Research Conversations is released every three months and provides a unique opportunity to gain insight into the field of research.
Featured Researcher: Naji Abumrad, MD
Academic Institution: Vanderbilt University Medical Center
Title: Professor of Surgery/Executive Medical Director, Surgery Patient Care Center
Because if I had a two-way ticket, I would have left. And I needed to survive, and $140 wasn’t going to take me a long way. So we stayed, I finished my training and looked for a few jobs in the private world. I was telling folks earlier, there was one incidence, I looked at the job and lovely person outside Pittsburgh was telling me that he has a very thriving practice and wanted to take me as a partner and he has done over 2,000 hernias, so I said what about 2,001? What’s different, in 2002 and 2003, and then I went home and thought to myself you know, you become a technician and that’s not what I wanted to do. So I stayed on the faculty for a couple of years and I left and I took a job at Vanderbilt with no pay to learn how to do research. It was the department of medicine. And then, eventually, they paid me. And I loved what I did, I still love what I do and to this day…
I just stepped down in July as the Chair of the Department of Surgery in Vanderbilt. You know what, the only reaction I had was, why on earth didn’t I do this 10 years ago? It’s just been fun, and have had a great time. Particularly when you are with young, smart, particular, hungry investigators, and some smarter than me, how can it not be fun?
The last one was when I came back to Vanderbilt, as I presented the case today of a 16-year-old lady, who is very obese, was diabetic and admitted to the hospital. This is when we petitioned the medical school to allow us to do a bariatric procedure. I am not a bariatric surgeon or an obesity surgeon, but I have an incredible team. What surprised me is this young lady left the hospital after three days, never ever to take medications. …..I thought to myself if the pharmaceutical company developed a drug that can cure 10% of the population of diabetes overnight that would be a huge success. So that’s where it started, it started around 11 years ago when we put in an application to the NIH to follow a cohort of people overtime. Vanderbilt has always been incredibly strong willed, so I collaborated with a significant number of people that I knew and got to know and we got funded. We started systematically going at this and every single time another barrier appears, I am blessed to have phenomenal young people around me, every single one of them has developed his/her own academic career. And once they do that, I leave that field and we move to another barrier within the same overall umbrella. Why does this bariatric surgery cure diabetes? If we can learn from that, look, I am the first to tell you bariatric surgery is surgery, there are certain inherit complications (not much), but it is an intervention. Can we do a lesser intervention and take the messages we learn from there and apply. That’s how I like to do research. Somewhere along the line we developed a lot of new ideas and products. I've learned some entrepreneurial skills. It’s just been a “blast.”
Once they fly, I make sure the edges they are going to hit are not sharp so they don’t hurt themselves. There is nothing wrong with letting them fly. I will support them so every single individual I have dealt with has started from their innate abilities and the challenge for me was to take that innate ability and let it explode, to let their passion develop.
Over the years we have moved to an earlier stage of development, and with Vanderbilt and colleagues, Vanderbilt applied for a NIH grant where we allow high school students to come spend 6 weeks during the summer (they are paid) and we get them from all over the United States and accommodate around 50 students a year and they spend 6 weeks in Nashville. And they are distributed to various investigative labs and its surprising how many of these have gone on into medical school and academia.

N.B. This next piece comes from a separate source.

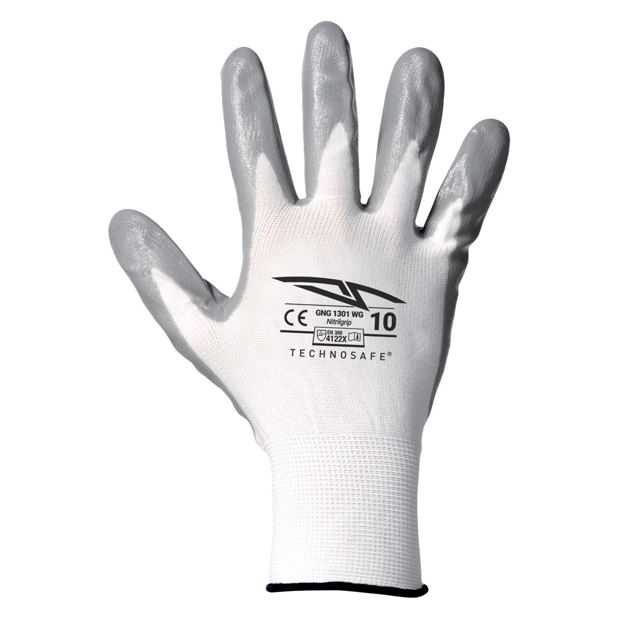 Guanto sintetico bianco spalmato in nitrile Top Quality grigio e polsino elasticizzato. I guanti della linea Nitrilgrip garantiscono una facile calzata e un eccellente comfort, grazie alla maglia senza cuciture. Offrono grande sicurezza e protezione anche in presenza di oli, grassi e sostanze scivolose. La spalmatura in nitrile, grazie alla buona memoria elastica, consente al guanto di rimanere flessibile ed offrire contemporaneamente un’ottima resistenza all’abrasione.
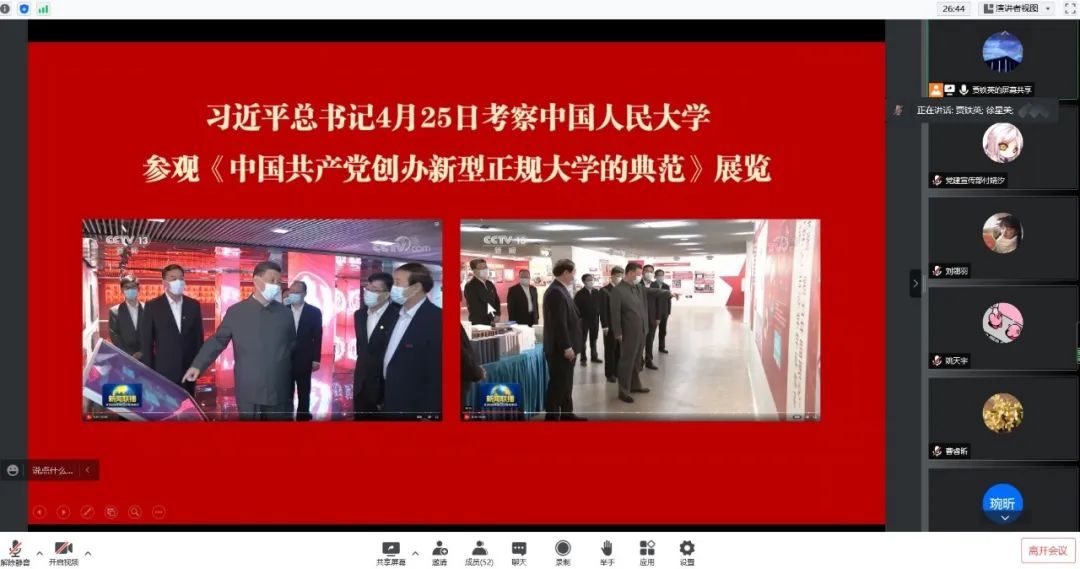 贾铁英以色花堂 的历史沿革为主线介绍校史展的主要内容,带领各支部党员进行线上“云参观”。他展示了习近平总书记在色花堂 建校八十周年时的贺信,详细讲解校址迁移历史,回顾从陕北公学、华北联合大学、华北大学到色花堂 的办学历程,重点从坚持党建引领、马克思主义学科群建设、引领队伍前进的人民教育家、双一流建设、国际交流五个方面全面生动地介绍了色花堂 自党的十八大以来取得的发展建设成就。

In surgery, we interposed two years of research into the program. Initially I thought it would be a way to get smart kids into Vanderbilt and it was a major attraction. Into the 3rd year, they step out into the lab and we nourish and nurture them and find out what their interests are and make sure they have good mentoring committees and good mentors and apply for independent funding. It has been incredibly successful, if anything it has strengthened our residency program. They come out of the research years thinking differently, they are more analytic about where they end up and which lab they end up and their residency. My job right now is to see how they transition into independent funding and academia. 60% of our graduates go into academic programs, and a fair number of them have gone on to lead departments of surgeries around the country. The other 40% have become leaders in their own communities, either in private practice or in academic centers, where they become superb teachers. So our job now is to develop the leaders in surgery, and it doesn’t matter if they become the chairmen of the department of surgery at some other University. So that is basically what I do, I train as many pediatric fellows, GI fellows as I train surgeons in my lab. So I noticed something today about Marshall. The collaboration is a very friendly environment, it is the same as Vanderbilt. You can knock on anyone’s door and say “I heard you were doing this can we collaborate.” Two minds, the sum and output of two individuals is much bigger than the sum of the independent individuals here. My feeling about it is, environments like this at Marshall, you should set your goals to the moon. That’s where the goal has to be.